In this example, we also specify that we want to compute the average metrics over a rolling window of 120s where consecutive windows overlap by 60s.
bash execute_analysis.sh respiration compute_metrics /home/sub-001_ses-1_acq-respiration_run-1.txt 1440 --average_metrics_window_length 120 --average_metrics_window_overlap 60
or
bash execute_analysis.sh plethysmography compute_metrics /home/sub-001_ses-1_acq-pulseox_run-1.txt 1440 --average_metrics_window_length 120 --average_metrics_window_overlap 60
The full list of metrics for each modality is specified below.

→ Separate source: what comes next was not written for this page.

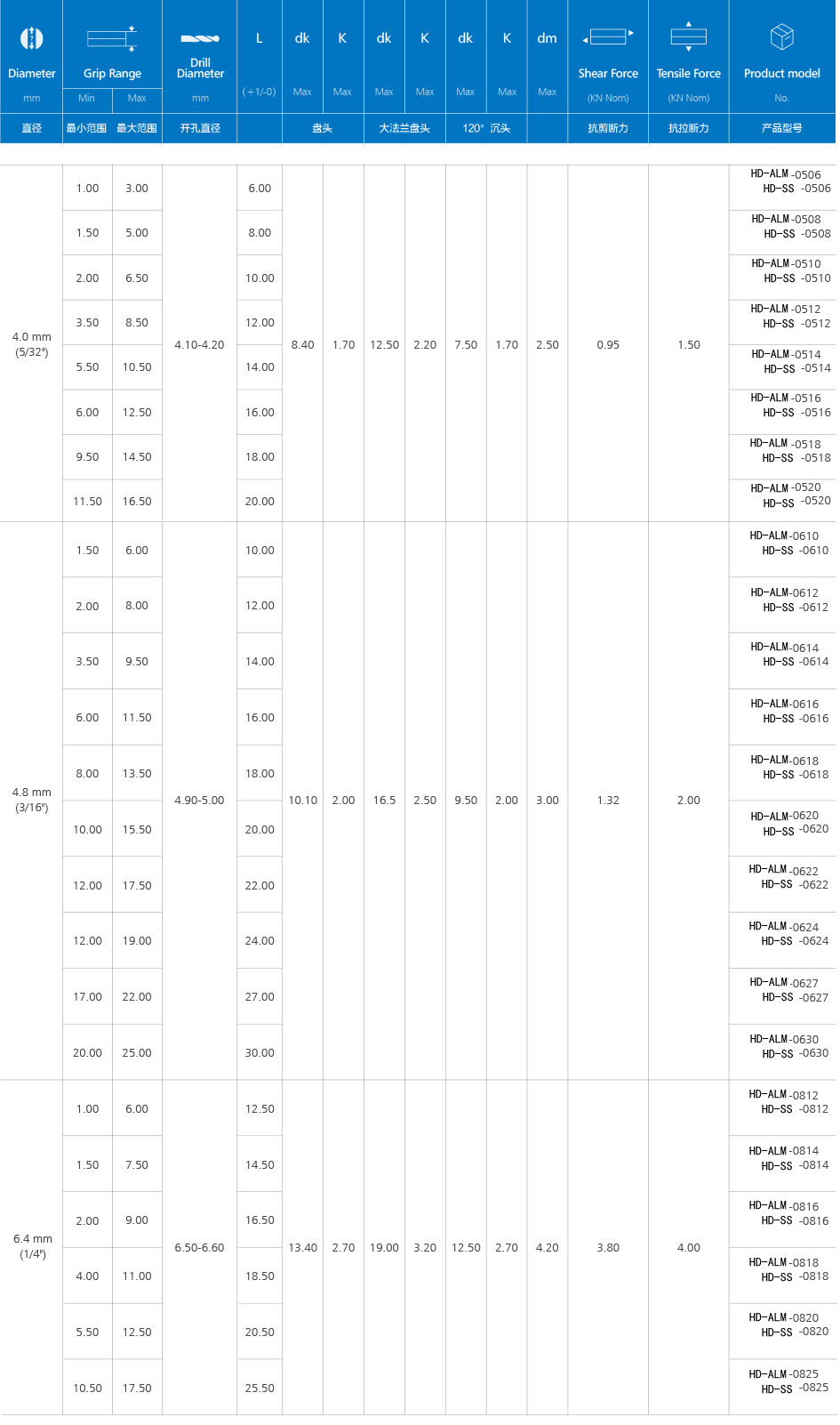 双鼓铆钉(铝、不锈钢)

Plethysmography: heart rate (HR), period, heart rate variability computed from the standard deviation of the period (HRV_std), heart rate variability computed from the root mean square of successive differences between normal heartbeats (HRV_rmssd), plethysmography variability index (PVI), entropy and metrics that characterize the heart beat shape (width at base, width at half max and width at quarter max).
Respiration: respiration rate (RR), period, respiratory variability (RV) computed from the standard deviation of the detrended-smoothed-respiration trace, resp rate variability (RRV) computed from the standard deviation of the period (RRV_std), resp rate variability computed from the root mean square of successive differences between normal breaths (RRV_rmssd) and entropy.
The output file pleth_metrics_per_sample.csv will contain an instantaneous value of the aforementioned metrics for each sample of the original trace. As the period, HRV and PVI are calculated from beat to beat, the value for these metrics will only change with each new breath. There will be a gap of a few seconds at the start of each csv.
The output file pleth_metrics_per_window.csv is produced when the user specifies a window length to average over. The file contains the average of each instantaneous metric over the window (e.g. "Instantaneous HRV period std-window mean") as well as the result of computing that metric directly over the whole window (e.g. "HRV-overall period window std" is the standard deviation of all periods across the whole window). The two results are often very highly correlated, but both are provided anyways.